Build Habitat & Food Sources - Providing more appealing habitat elsewhere can relieve some of the pressure from critters. Try planting a prairie strip, placing a bird feeder and bird bath or brush pile away from the garden.

Using Livestock to Mimic Nature - In the off season, we will allow chickens to roam our orchard and gardens to aerate soil and deposit manure. We do this in a controlled manner to make sure the manure is fully broken down before the next planting season. Another approach we plan to use in the future is using ducks to control insects. They will typically leave mature plants alone while eating slugs and other pests. You would not allow them free access all the time, only when it would be beneficial, as they definitely can eat plants if left alone for too long!

Beyond Biology: Yield Maximizing Techniques

Let's step away from the soil for a moment, though that really is the most foundational part of growing an abundance of nutrient dense vegetables.

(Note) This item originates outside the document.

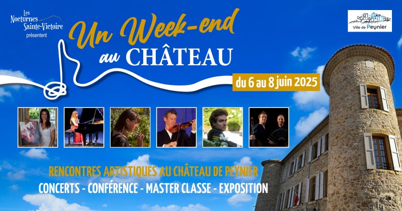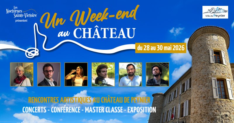 En prélude au festival des Nocturnes Sainte-Victoire, venez découvrir à Peynier notre évènement "Un Week-end au Château". Un Week -end au Château est un évènement culture et patrimoine au cœur de l'écrin somptueux du Château de Peynier, magnifié par une récente restauration. Venez découvrir une exposition de peinture, assister à une conférence, participer à une master-classe de piano dans de ce joyau du XVIe siècle. Profitez de deux concerts exceptionnels dans la somptueuse cour centrale avant de déguster les mets de notre "food-truck" sur la place du village.

Succession planting is absolutely critical if you want to optimize the amount of veggies you can grow in a season. This technique really could have it's own blog post, but I'll at least explain the premise of it here with an example.

Let's use the example of lettuce. It is a fast growing crop, but does not store for more than about a week in the refrigerator, so it wouldn't make sense to grow many heads at the same time. And, most varieties don't grow well in the heat of summer. So, to maximize the amount of lettuce we will have to eat, we need to plant multiple small successions in spring and fall when temperatures are cooler. This means planting seeds about every 2 weeks for a continuous harvest.

Variety selection is an overlooked part of gardening. When you buy seeds at big box stores, you are usually limited to common vegetable varieties that may or may not be well adapted to your climate and the information on the packet is minimal.

Say you were to pick up some onions seeds that you like the look of. You start the seeds indoors and they grow into little plants. You plant them out in spring and wait to see a big onion bulb... but it never happens. It turns out the onions you are trying to grow are a short-day variety, but you live in the northern US and really needed a long-day variety!

Select seeds from reputable retailers that can give you information on ideal climate and growing zones, disease and pest resistance, and any other special considerations.

 

In Conclusion...

These are the essentials to growing food in step with nature. There will never be a product in a bottle that can replace understanding soil health and respecting that your garden is connected to the broader ecosystem . Using these techniques will not only help you grow more and better food, but benefit everything around you by reducing soil erosion, sequestering carbon from the atmosphere, and filtering water before it makes it to our drinking water sources.